Back in May, Agriculture Secretary Sonny Purdue suspended previous requirements limiting the amount of sodium allowed in school lunches, and allowed 1 percent flavored milk to be introduced back into cafeterias, insisting that his new ruling does “not [reduce] the nutritional standards whatsoever,” but rather provides more “regulatory flexibility,” for school districts struggling to keep up with the cost of implementing the Obama-era regulations.

However, since 2013, when schools began implanting the updated requirements, the USDA has been arguing that “healthier school meals…are working and having a positive impact on the health of our next generation.” Around the same time, the University of Illinois at Chicago conducted a nationwide study that students who ate lunches that exceeded the USDA nutritional standards were less likely to be overweight or obese than their peers who ate lunches that only met the bare minimum requirements.

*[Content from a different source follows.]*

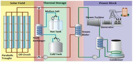 | Solar thermal storage | Sunlight can be used to the energy that can be used to generate electrical power. | High cost for installation, and complex systems. | [32,96,97,98,99,100,101,102,103] |
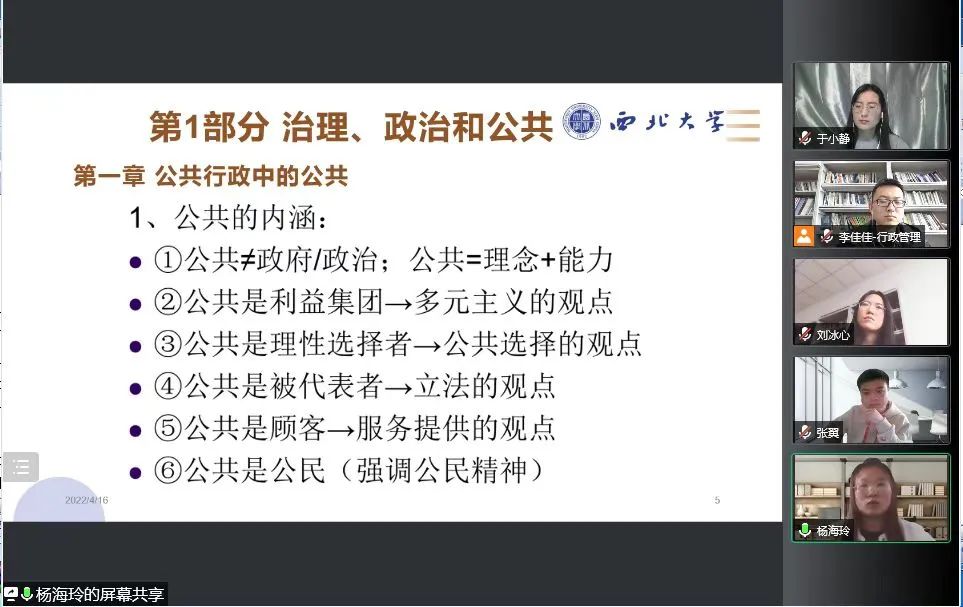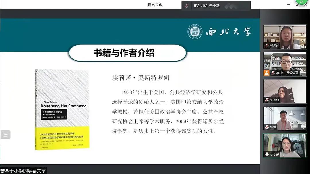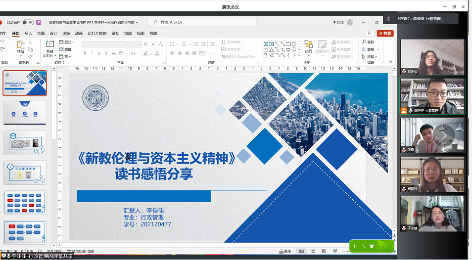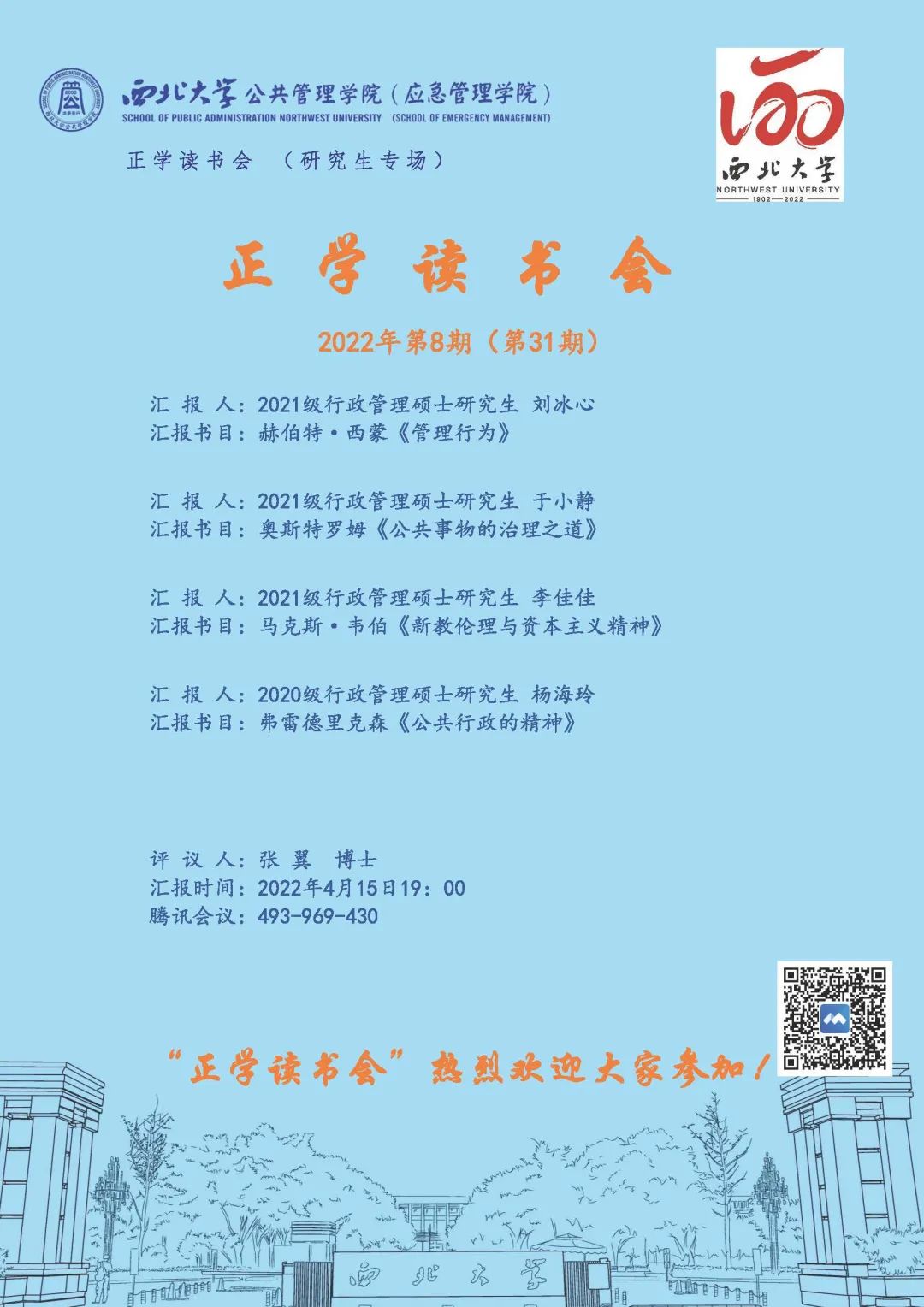 2022年4月15日下午,我院举办了本学期第8期研究生读书分享会。2021级行政管理专业研究刘冰心、于小静、李佳佳,2020级行政管理专业研究生杨海玲进行了分享,张翼博士担任评议人。

In 2015, Pew was already seeing evidence that the new regulations were helping kids get healthier: Three studies concluded that students were eating an increasing number of fruits and vegetables. 

In May of this year, the Brookings Institute announced the results of study, which found that “when a school contracts with a healthy lunch company, students at the school score better on end-of-year academic tests, though they have yet to come to a solid conclusion about whether or not healthy school lunches are significantly improving obesity rates among children.

Reseachers may still need more time before they come to any definitive conclusions about how healthier school lunches are benefiting students, but evidence is mounting that San Francisco's ban on chocolate milk might be for the best.